Like with anything, I walked into West Halls with expectations. I was convinced a bundle of fun times and positive feedback were ahead of me. I thought growing experiences would be some daily routine, like brushing my hair (although that is quite a process, let me tell you) or making my bed (an improvement from my high school routine). But I quickly learned that college is not a Lifetime movie. There were disappointments. There were some ridiculous comments that have come out of sleep deprivation and stress. There were moments in which I wanted to bang my head against my desk and say "if I hear one more thing about vampires, I'll scream."

I'm also not the most outgoing person on the planet, which made it seem like every college preparation book was rubbing it in my face when it was all "you're gonna make so many friends you won't be able to count them." So hey, maybe going out and partying with friends does affect one's ability to do math. This is probably the aspect of college I struggled most with, because I was bound by the perception that quantity overpowers quality, which, as my science professor pointed out when discussing our blog assignment, is simply ridiculous. I've been happy to meet and converse with new people, but I'm not the type of person who says, "you had cereal for breakfast too? OMG besties!" It's a slower process for the shy sort, but for now, I'm enjoying the company of the people in clubs I've joined, and I've also realized that throughout the awkwardness of friend-making, it's not a bad thing to have a bunch of familiar faces from high school. Sure, I don't want to get stuck in a rut where lunch time gossip and gym class humilities are the last time I'll ever grow socially, but it's through my best friends that have also come to PSU that I realize quality laughs in quanitity's face every single time. Just by rooming with my best friend this semester I've learned a lot about her, and, consequently, myself. I don't know what it is about those few minutes before bed, but nighttime chats seem to be the most philosophical and meaningful. Even when I'm eighty years old with a cane and no teeth, I won't forget those talks.

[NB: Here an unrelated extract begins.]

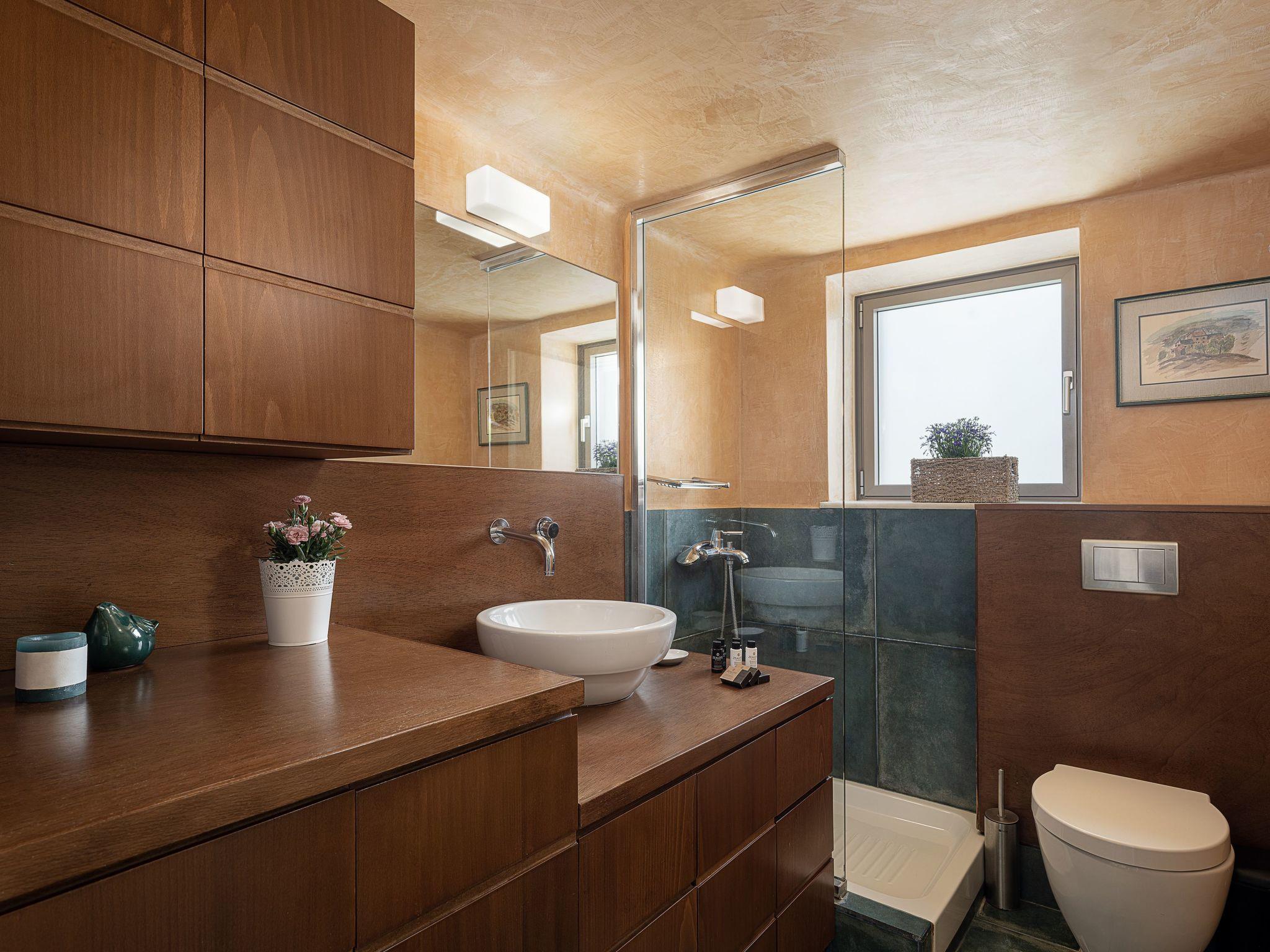 - Bathroom: elegant bright bathroom with shower, washing machine, hair dryer and towels.

In terms of classes, the work load has been manageable, but I've still stretched myself to think critically and to question everything. My comfort zone has always been in creative writing, but I doubt inventing a story in which Charles Foster Kane falls in love with Norma Desmond and they live happily ever after would impress my English teacher, no matter how many times I used the word "albeit" (another thing I've learned: if you use that word more than once in an essay, you sound like a pretentious ass). But as it turns out, analytical essays are not entirely painful to write. They can, on occasion, even be fun. It makes reading a book even more engaging because an analytical reading requires every sentence, every word, to matter. Reading for leisure is still important, but it's easier to skim over something that could be vital to a story. Through analytical writing, I've become a better reader, a better thinker.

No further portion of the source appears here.